* **Recorded information**
·····

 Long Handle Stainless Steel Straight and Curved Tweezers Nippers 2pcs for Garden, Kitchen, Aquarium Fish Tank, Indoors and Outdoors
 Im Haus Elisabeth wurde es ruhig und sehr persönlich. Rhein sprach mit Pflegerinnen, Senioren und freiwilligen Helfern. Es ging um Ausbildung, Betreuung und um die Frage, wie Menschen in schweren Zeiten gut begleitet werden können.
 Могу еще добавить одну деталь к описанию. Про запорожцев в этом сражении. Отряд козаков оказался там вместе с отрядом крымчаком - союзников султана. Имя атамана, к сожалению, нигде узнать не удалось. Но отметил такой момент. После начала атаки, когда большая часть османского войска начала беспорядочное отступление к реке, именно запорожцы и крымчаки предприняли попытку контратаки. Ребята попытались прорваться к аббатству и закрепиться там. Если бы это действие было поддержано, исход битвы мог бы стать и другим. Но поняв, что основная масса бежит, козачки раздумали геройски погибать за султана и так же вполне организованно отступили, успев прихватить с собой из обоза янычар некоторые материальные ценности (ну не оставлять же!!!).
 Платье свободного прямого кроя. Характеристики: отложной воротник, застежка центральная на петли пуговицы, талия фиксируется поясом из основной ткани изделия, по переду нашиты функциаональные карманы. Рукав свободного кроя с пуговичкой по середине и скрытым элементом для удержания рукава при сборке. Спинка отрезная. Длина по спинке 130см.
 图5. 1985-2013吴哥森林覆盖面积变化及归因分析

·····

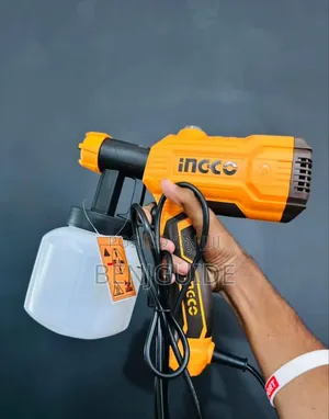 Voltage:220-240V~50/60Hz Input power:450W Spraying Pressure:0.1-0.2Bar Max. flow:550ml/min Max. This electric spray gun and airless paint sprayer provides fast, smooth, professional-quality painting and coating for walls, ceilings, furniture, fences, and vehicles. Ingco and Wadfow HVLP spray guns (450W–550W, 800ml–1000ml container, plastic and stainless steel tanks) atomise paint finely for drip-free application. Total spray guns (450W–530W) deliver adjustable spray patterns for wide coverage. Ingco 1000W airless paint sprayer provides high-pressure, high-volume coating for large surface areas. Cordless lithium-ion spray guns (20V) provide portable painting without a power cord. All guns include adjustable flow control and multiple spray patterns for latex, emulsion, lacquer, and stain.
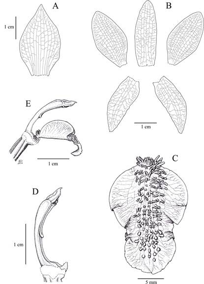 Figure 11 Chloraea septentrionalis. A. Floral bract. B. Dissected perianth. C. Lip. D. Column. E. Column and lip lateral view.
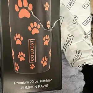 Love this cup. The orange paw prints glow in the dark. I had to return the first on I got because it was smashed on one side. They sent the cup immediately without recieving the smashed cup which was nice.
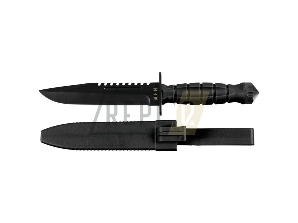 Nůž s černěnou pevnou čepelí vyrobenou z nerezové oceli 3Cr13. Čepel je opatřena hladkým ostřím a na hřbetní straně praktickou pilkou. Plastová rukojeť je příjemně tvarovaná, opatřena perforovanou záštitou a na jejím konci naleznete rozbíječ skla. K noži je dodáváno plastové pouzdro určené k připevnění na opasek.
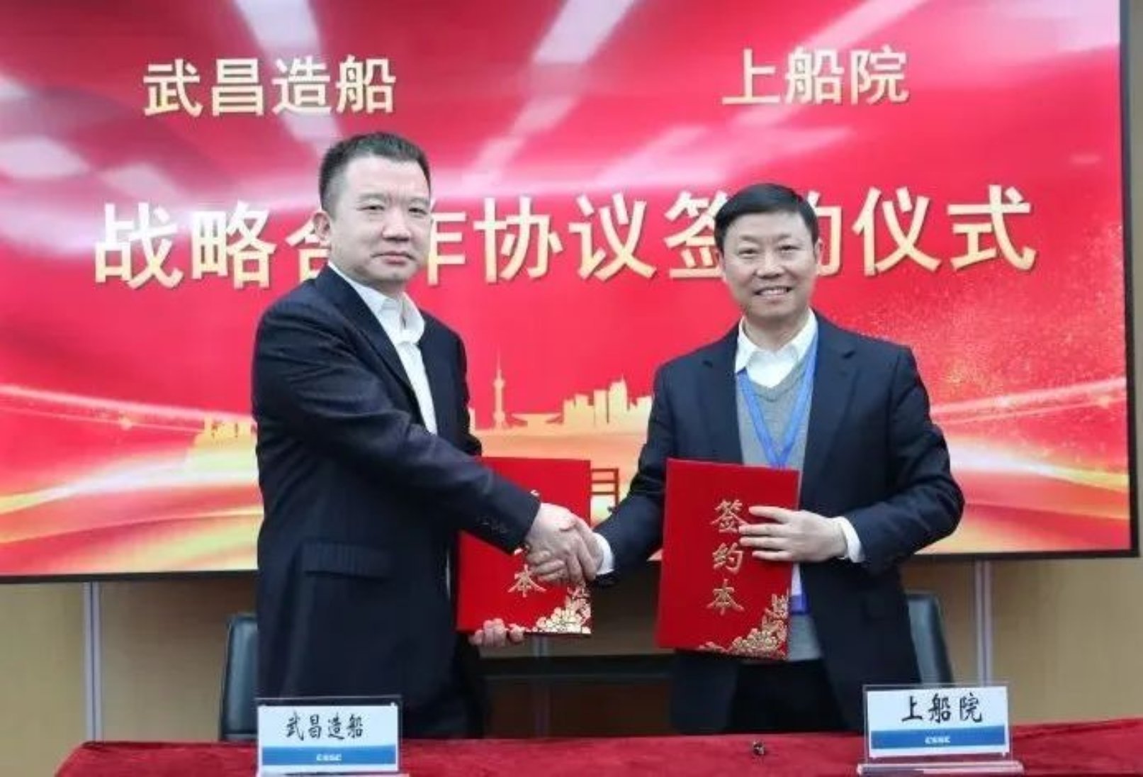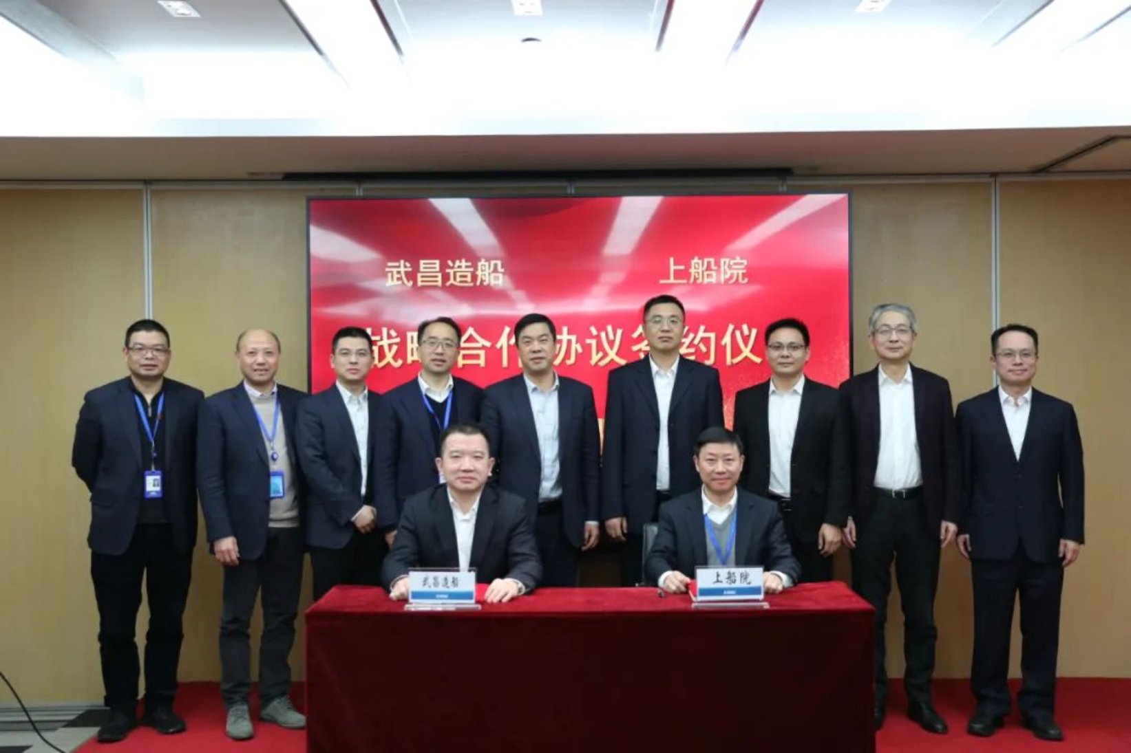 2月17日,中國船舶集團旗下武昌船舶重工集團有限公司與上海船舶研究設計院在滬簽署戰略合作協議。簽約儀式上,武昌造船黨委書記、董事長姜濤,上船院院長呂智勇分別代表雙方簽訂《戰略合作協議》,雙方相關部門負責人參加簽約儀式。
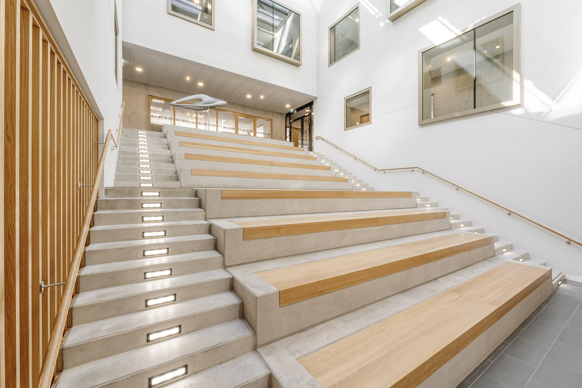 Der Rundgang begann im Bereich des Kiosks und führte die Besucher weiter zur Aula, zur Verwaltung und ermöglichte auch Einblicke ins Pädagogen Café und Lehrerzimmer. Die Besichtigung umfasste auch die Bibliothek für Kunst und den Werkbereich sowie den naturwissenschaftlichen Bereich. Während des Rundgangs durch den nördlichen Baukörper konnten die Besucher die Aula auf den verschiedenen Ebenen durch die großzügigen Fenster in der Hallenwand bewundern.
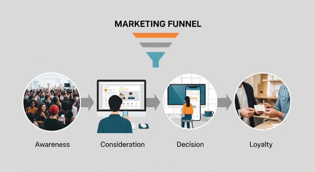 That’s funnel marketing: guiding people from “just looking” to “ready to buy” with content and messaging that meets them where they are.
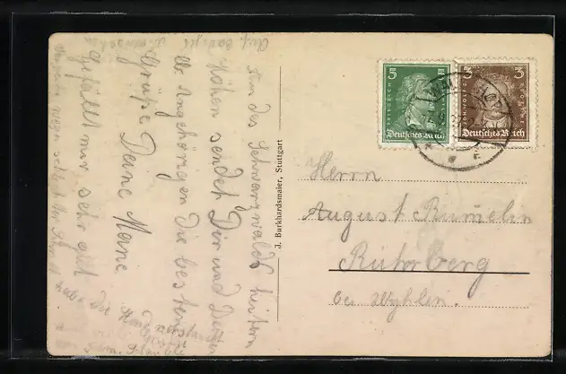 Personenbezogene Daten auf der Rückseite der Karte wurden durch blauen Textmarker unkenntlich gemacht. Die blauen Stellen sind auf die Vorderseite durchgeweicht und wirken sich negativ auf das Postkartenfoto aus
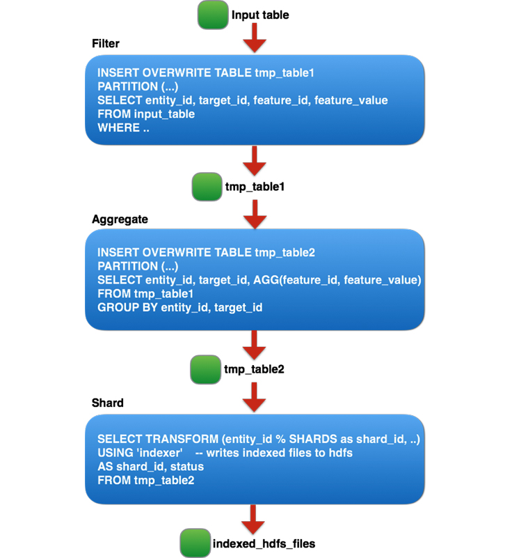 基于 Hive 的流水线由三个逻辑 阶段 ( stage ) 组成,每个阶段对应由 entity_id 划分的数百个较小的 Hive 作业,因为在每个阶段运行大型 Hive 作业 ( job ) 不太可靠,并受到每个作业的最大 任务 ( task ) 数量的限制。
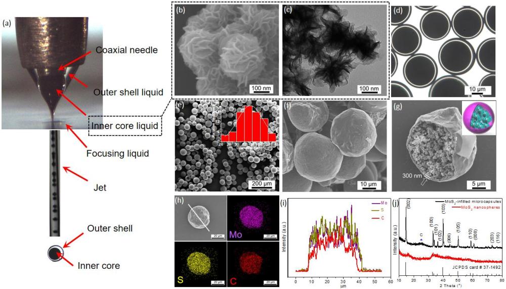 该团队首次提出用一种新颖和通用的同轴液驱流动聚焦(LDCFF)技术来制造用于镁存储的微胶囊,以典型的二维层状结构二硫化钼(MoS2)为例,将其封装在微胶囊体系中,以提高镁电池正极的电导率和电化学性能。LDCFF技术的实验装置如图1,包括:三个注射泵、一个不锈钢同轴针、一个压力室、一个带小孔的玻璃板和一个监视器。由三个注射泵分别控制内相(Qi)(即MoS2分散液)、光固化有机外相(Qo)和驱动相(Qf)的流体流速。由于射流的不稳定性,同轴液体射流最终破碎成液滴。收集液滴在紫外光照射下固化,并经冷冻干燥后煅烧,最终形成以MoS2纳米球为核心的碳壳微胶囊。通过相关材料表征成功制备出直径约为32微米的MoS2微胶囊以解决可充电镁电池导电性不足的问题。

·····

* **Exercise instructions**
Above are some lines. Repeat exactly, and only, those from the line that has "Im Haus Elisabeth" through the line that has "图5. 1985-2013吴哥森林覆盖面积变化及归因分析".

* **Finished task**
 Im Haus Elisabeth wurde es ruhig und sehr persönlich. Rhein sprach mit Pflegerinnen, Senioren und freiwilligen Helfern. Es ging um Ausbildung, Betreuung und um die Frage, wie Menschen in schweren Zeiten gut begleitet werden können.
 Могу еще добавить одну деталь к описанию. Про запорожцев в этом сражении. Отряд козаков оказался там вместе с отрядом крымчаком - союзников султана. Имя атамана, к сожалению, нигде узнать не удалось. Но отметил такой момент. После начала атаки, когда большая часть османского войска начала беспорядочное отступление к реке, именно запорожцы и крымчаки предприняли попытку контратаки. Ребята попытались прорваться к аббатству и закрепиться там. Если бы это действие было поддержано, исход битвы мог бы стать и другим. Но поняв, что основная масса бежит, козачки раздумали геройски погибать за султана и так же вполне организованно отступили, успев прихватить с собой из обоза янычар некоторые материальные ценности (ну не оставлять же!!!).
 Платье свободного прямого кроя. Характеристики: отложной воротник, застежка центральная на петли пуговицы, талия фиксируется поясом из основной ткани изделия, по переду нашиты функциаональные карманы. Рукав свободного кроя с пуговичкой по середине и скрытым элементом для удержания рукава при сборке. Спинка отрезная. Длина по спинке 130см.
 图5. 1985-2013吴哥森林覆盖面积变化及归因分析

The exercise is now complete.